I'm back to work and surprisingly my boss is no angry at me because i didnt waited and apologized thanks alot for all the replies it


----------



## cgorio2 (Jul 27, 2013)

vantage said:


> you made a 'request'
> 
> they didn't oblige, so you've changed your 'request' into a DEMAND, by breaching the terms of your contract.
> Sounds like you do not have a leg to stand on, and should get back to work pronto, as the consequences will be far worse than not being allowed to relocate.
> ...


I texted my boss telling him i'm not going back to work until he transfers me to another branch and he did not reply... so i decided to ask opinions from this forum because im thingking if he will not transfer ill wait till my contract ends at the end of the month but again its a wrong move


----------



## QOFE (Apr 28, 2013)

cgorio2 said:


> I texted my boss telling him i'm not going back to work until he transfers me to another branch and he did not reply... so i decided to ask opinions from this forum because im thingking if he will not transfer ill wait till my contract ends at the end of the month but again its a wrong move


So stomping your feet didn't help... Your wrong move was to TEXT your boss and DEMAND to get transferred. Wouldn't life be so easy if we could just hold our employers at ransom and demand what we want.
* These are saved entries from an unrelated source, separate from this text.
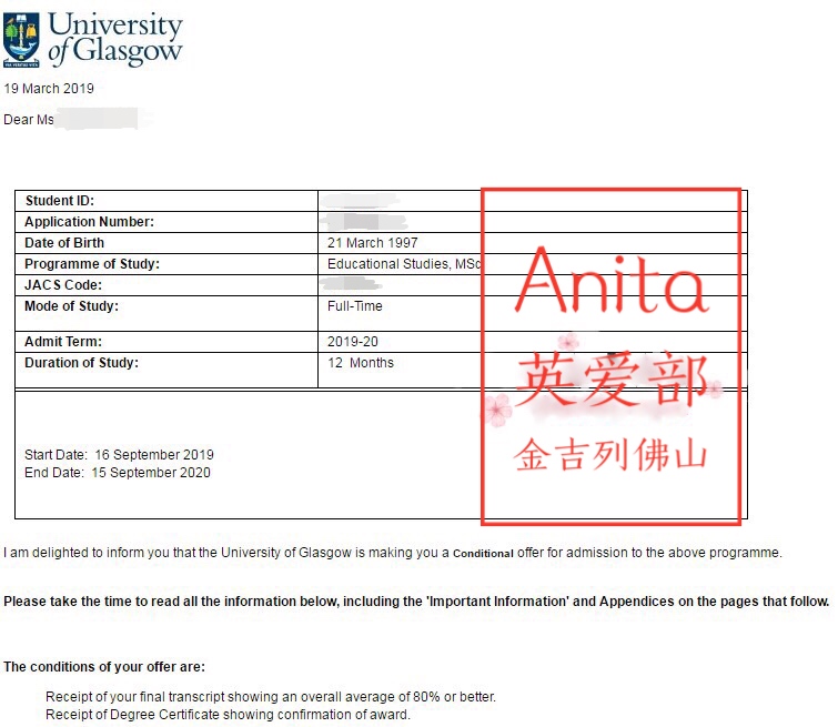 恭喜ZYF同学获得University of Glasgow(格拉斯哥大学)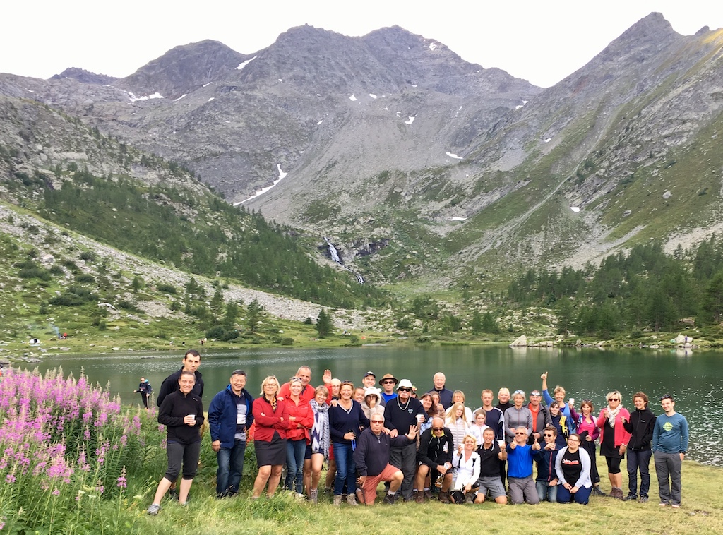 Un peu inquiets les randonneurs de l’ACCB à leur départ des Cimes Blanches le mardi matin 14 août ! Il pleuvait sur La Rosière et le ciel était complétement bouché. Mais la météo italienne était optimiste. En effet, l’épais brouillard qui nous accompagna jusqu’au sommet du Col du Petit Saint-Bernard laissa place, d’un seul coup à un beau ciel bleu. Que du bonheur pour les 50 courageux qui avait répondu à l’invitation de Bernard Fuchs et Marius Ansermin, les deux « GO » de l’ACCB !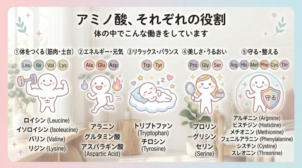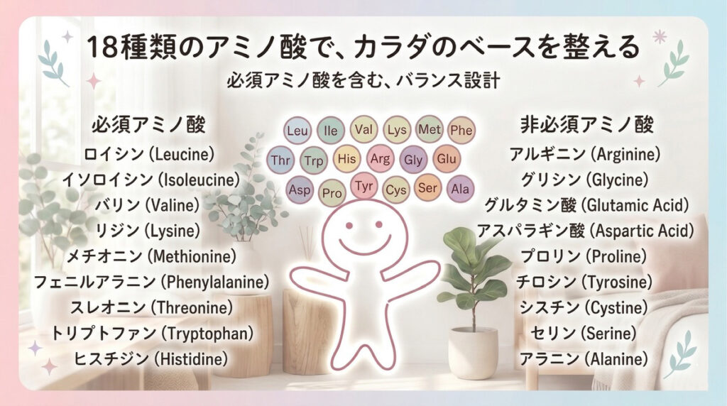 紅景天に含まれる(必須+非必須アミノ酸) 18種類は下記になります。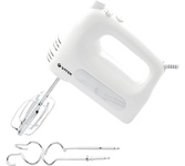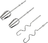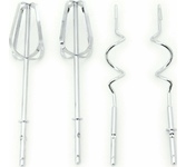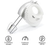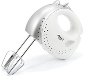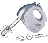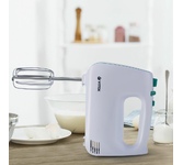 Миксер, 350W, 5 скоростей работы, кнопка извлечения насадок, двойной набор насадок: два венчика для взбивания яиц и кремов, две насадки для размешивания тяжелого теста, смешивание жидкостей, замешивание теста, приготовление пюре, взбивание сливок и белков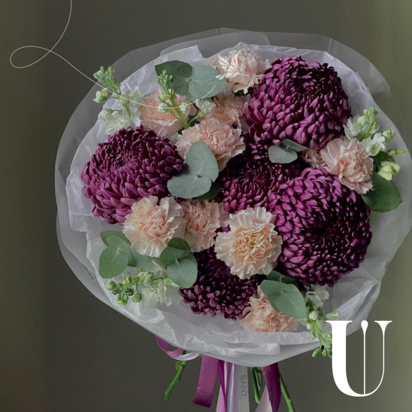 - Хризантема Бигуди, бордовая, 50 см - 5 шт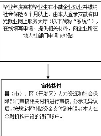 高校毕业生一次性就业补贴 申报时间: 每季度末25日以后至次月5日 发放标准: 由就业补助资金给予高校毕业生每人3000元的一次性就业补贴。 申报主体: 小微企业吸纳的毕业年度高校毕业生(毕业年度:指毕业所在自然年,即1月1日至12月31日)。 申请条件: 与企业签订6个月以上劳动合同且稳定就业6个月以上(含6个月)并参保的毕业年度高校毕业生(如:2019年毕业需符合在2019年被单位录用且在当年有参保记录)。 申报材料: 1.《高校毕业就业生一次性就业补贴申请表》; 2.提交毕业证书日期之后至少连续6个月的社会保险缴费凭证(自助打印或上网打印个人参保证明); 3.高校毕业生毕业证书复印件; 4.劳动合同复印件; 5.企业营业执照复印件一份 6.小微企业名录查询界面截图一份(盖单位公章)且查询界面企业登记机关为“市场监督管理局”。 (小微企业认定以国家市场监督管理总局“小微企业名录”为准,查询网址http://xwqy.gsxt.gov.cn/) 线下申请地点:各区县市行政服务大厅 申请流程图: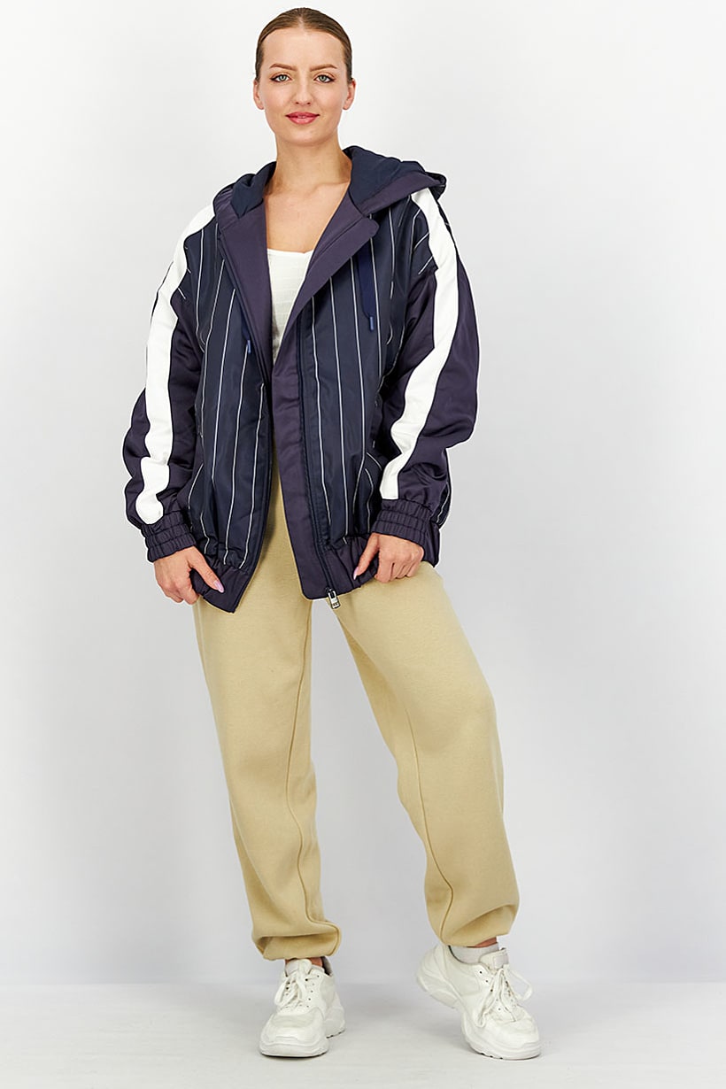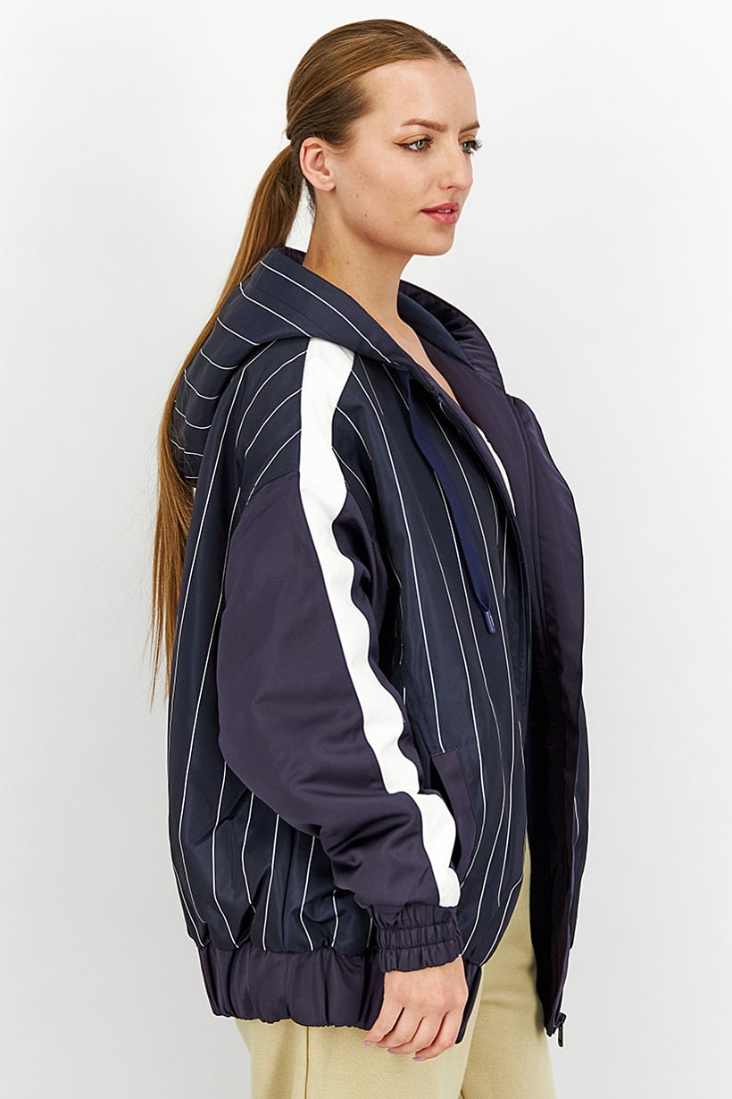 | nameOriginal | Women Sports Fit Hooded Stripe Bomber Jacket, Navy Blue |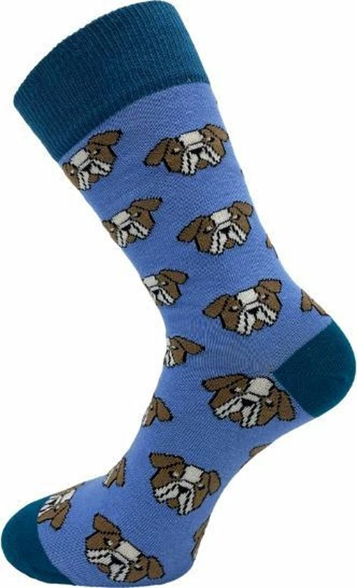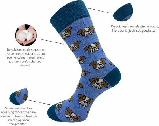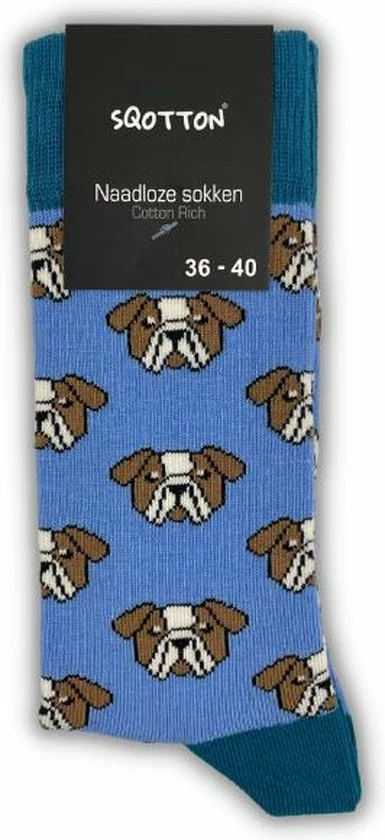 Vrolijke SQOTTON sokken met hondenhoofd print. Deze naadloze sokken met print hebben een hoog draagcomfort en zijn daarom ideaal voor dagelijks gebruik. De sokken zijn gemaakt van een zachte katoenmix. Hierdoor zijn de sokken ademend, anti-transpirerend en comfortabel voor je huid. De sokken hebben een elastische boord waardoor de sokken goed blijven zitten. Daarbij hebben deze vrolijke sokken een handgekettelde afwerking zonder voelbare naad bovenop de tenen. Een afwerking zoals deze wordt ook wel naadloos genoemd. Deze naadloze sokken met print zijn unisex, geschikt voor zowel dames als heren. De sokken worden per paar geleverd verkrijgbaar in de maten 36-40 en 41-46.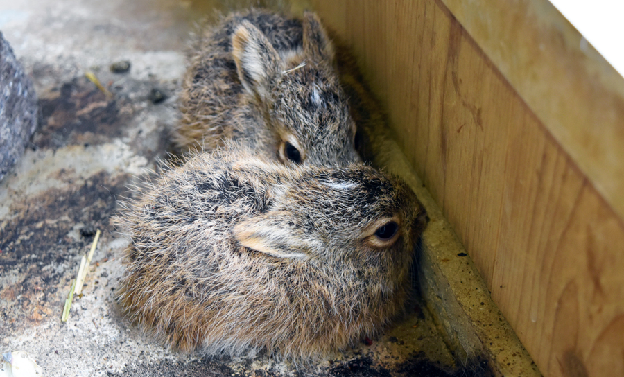 ノウサギは生まれたときから目は開き、毛も生えていて、約1時間後には走ることができます。誕生の翌日、2頭の体重を測ったところ、118グラムと144グラムでした。およそ片手に乗るくらいの大きさです(1頭は残念ながら生後10日目で死亡しました)。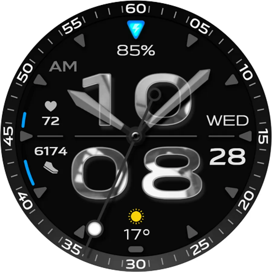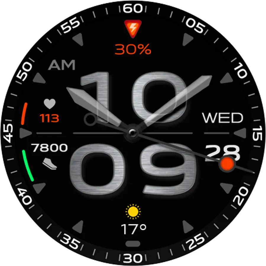 - Digital progress bars of Step counts, Heart rates, and Battery remain %.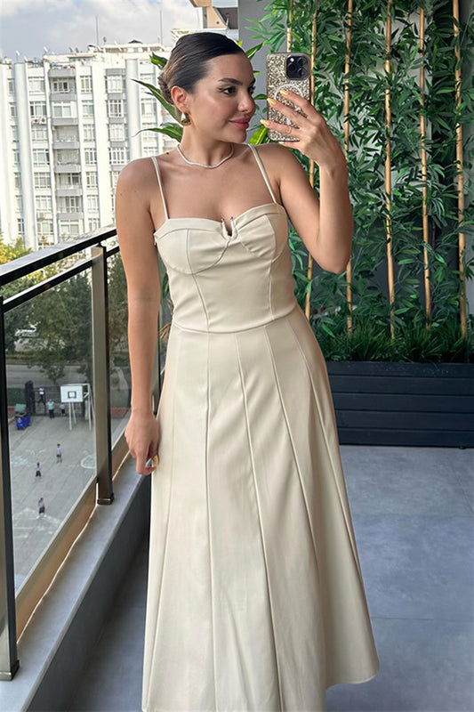 3 AL 2 ÖDEAloha Krem Deri Maxi Elbise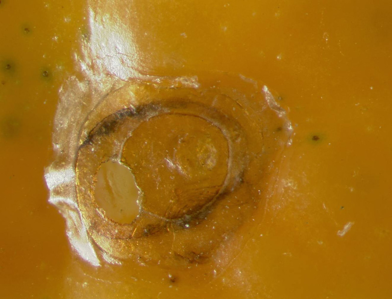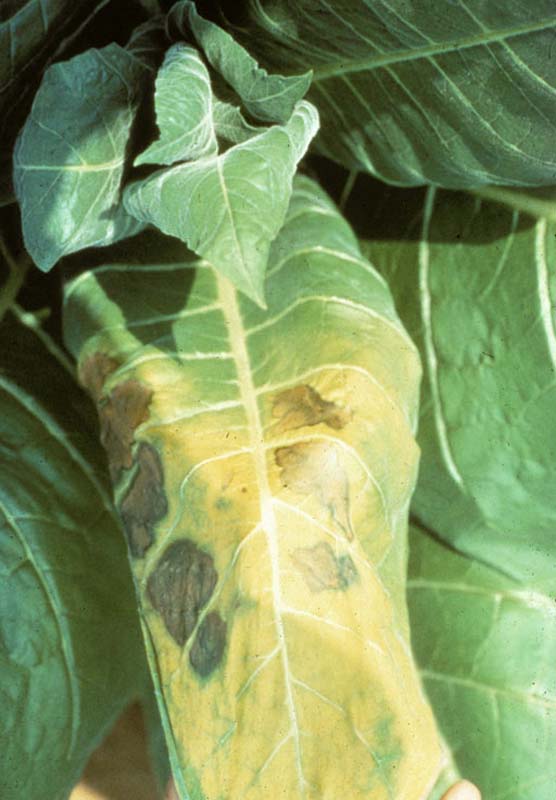 brown marmorated stink bug damage to tobacco leaf; photo courtesy of R.J. Reynolds Tobacco Company, www.bugwood.org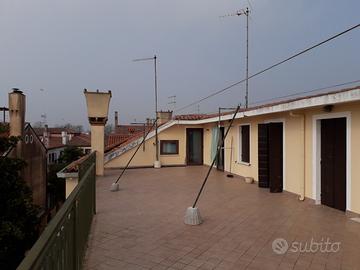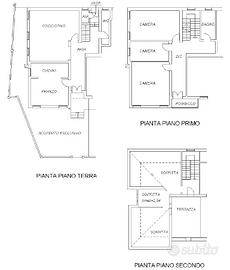 Casa a schiera d'angolo sud ovest, indipendente, degli anni '60, in ottime condizioni, luminosa, con due entrate. Piano terra rialzato: spaziosa cucina abitabile, due stanze e piccolo bagno. Piano primo: tre camere e bagno. Piano secondo: lavanderia e due stanze mansardate. Porzione di terrazza di 15 mq. Totale 200 mq. Giardino esclusivo di 60 mq. Impianti autonomi. Mai arrivata acqua alta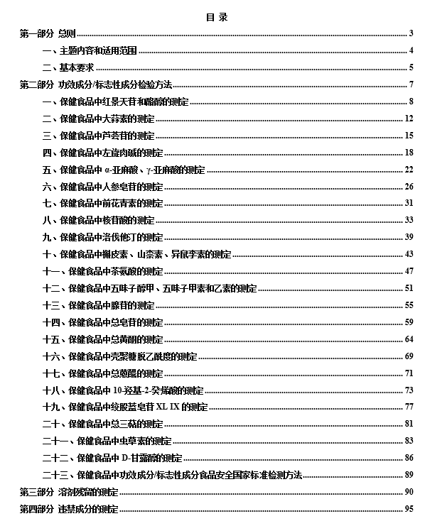 1.本指導(dǎo)原則規(guī)定了保健食品及其原料、輔料理化及衛(wèi)生指標(biāo)檢驗(yàn)與評(píng)價(jià)的基本要求、功效成分/標(biāo)志性成分檢驗(yàn)方法、溶劑殘留和違禁成分的測(cè)定要求。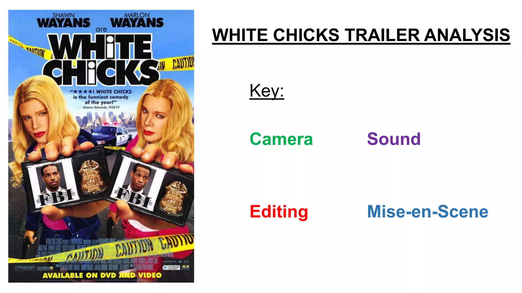 The trailer for the comedy film White Chicks uses various film techniques to introduce the plot and characters. It begins by establishing the two main characters as FBI agents who are given an undercover assignment to pose as wealthy white socialites. Various shots are used to highlight their transformation into the titular "white chicks" and the comedic discomfort that ensues from two black men passing as white women. The trailer effectively teases the fish-out-of-water story and struggle for the characters to settle into their new roles through dialogue, costumes, and their reactions. It concludes by identifying the film's director and genre to set audience expectations of a comedic take on gender bending and racial identity.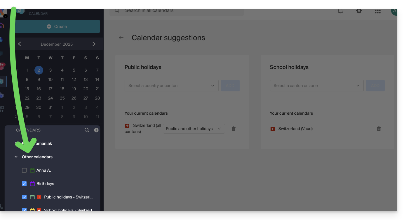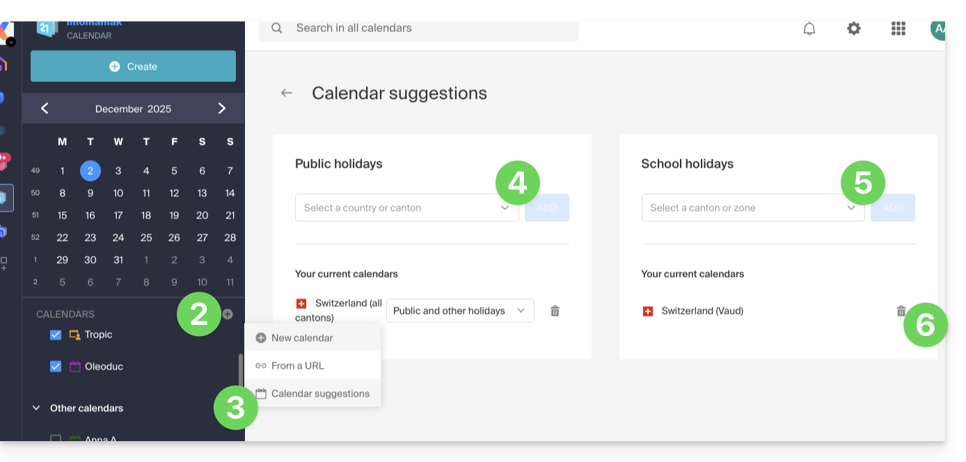 This guide explains how to display a calendar / agenda with the dates of public holidays from the canton or country of your choice on the Infomaniak Web app Calendar (online service ksuite.infomaniak.com/calendar).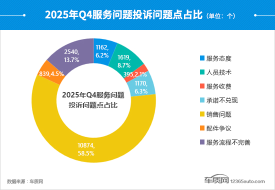 四季度的服务问题中,销售问题占比反弹,较三季度增加了12.1个百分点,在总量中的占比已趋近6成。此外,服务态度、人员技术的投诉故障数有所提升,占比也略有提高。上季度大幅增长的服务流程不完善,本季度占比减少10.7个百分点,回归常态区间。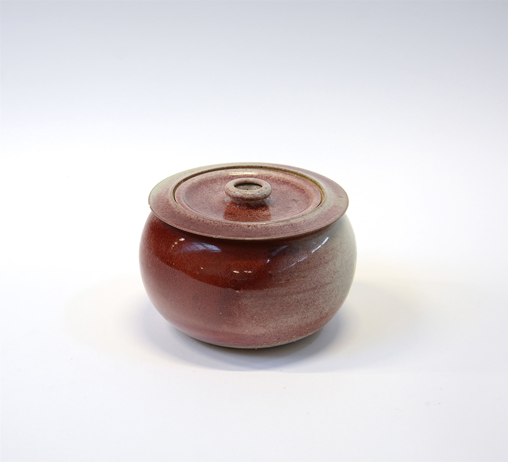 Contenitore con coperchio in grès ceramico smaltato in grigio beige e vinaccia. Marcato sotto la base "CLA". Italia, anni 60 (h cm 11)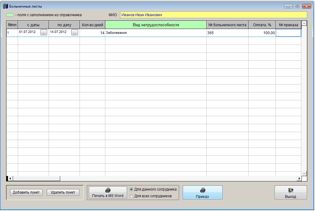 Предварительно должна быть добавлена запись с информацией по больничному листу.
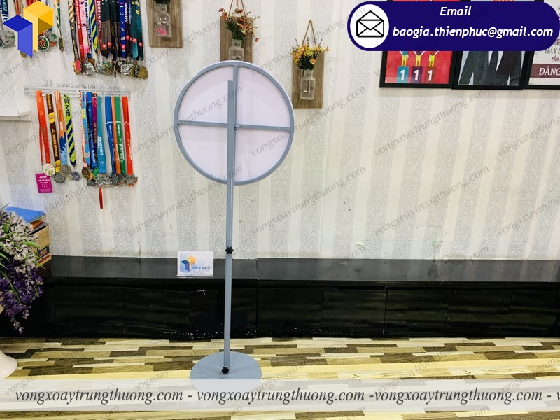 Chất lượng của vòng quay sát phạt chân đứng được làm từ sắt, ở bên ngoài có dán decall bao gồm một chân đứng và một vòng tròn. Trên vòng tròn được chia thành nhiều mục, bao gồm các cơ cấu giải thưởng và các nội dung mình muốn vận chuyển. , dễ dàng chuyển đổi. Dạng xoay vòng có chiều cao từ 1m60 đến 1m80 tùy chọn vào mục tiêu sử dụng, vị trí và diện tích mà bạn có thể thiết kế cho mình một sản phẩm phù hợp nhất.

Did you demand 1000% salary increase too? 
Welcome to the grownup's world...


----------



## dizzyizzy (Mar 30, 2008)

Cool, I didn't know people were allowed to make such types of demands here!!

I will immediately demand from my employer to open a branch for me at The Greens so I can walk to work from home and go for afternoon siestas


----------



## saraswat (Apr 28, 2012)

I want a personal helicopter ..


----------



## Windsweptdragon (Aug 12, 2012)

Sometimes you open a thread and go .

This was one of those times.


----------



## Byja (Mar 3, 2013)

dizzyizzy said:


> Cool, I didn't know people were allowed to make such types of demands here!!
> 
> I will immediately demand from my employer to open a branch for me at The Greens so I can walk to work from home and go for afternoon siestas


While you're at it, demand an office for me as well. Nothing fancy, 500 sqft will be enough.


----------



## cgorio2 (Jul 27, 2013)

dizzyizzy said:


> Cool, I didn't know people were allowed to make such types of demands here!!
> 
> I will immediately demand from my employer to open a branch for me at The Greens so I can walk to work from home and go for afternoon siestas


I requested my transfer 1 month ago and he agreed in one condition. I will train 1 staff who accurately do my job and he will let me go. But unfortunately after a month of training and transfer of duties to my replacement he refused me. Because of disappointment and mixed emotions i really did a huge mistake of being absent for 2 days


----------



## cgorio2 (Jul 27, 2013)

QOFE said:


> So stomping your feet didn't help... Your wrong move was to TEXT your boss and DEMAND to get transferred. Wouldn't life be so easy if we could just hold our employers at ransom and demand what we want. Did you demand 1000% salary increase too?
> Welcome to the grownup's world...


I was provoked to do it because one of the staff argued with our boss and did the same thing and he was transferred the next day. If i knew the consequences i should havr written a formal letter to our head


----------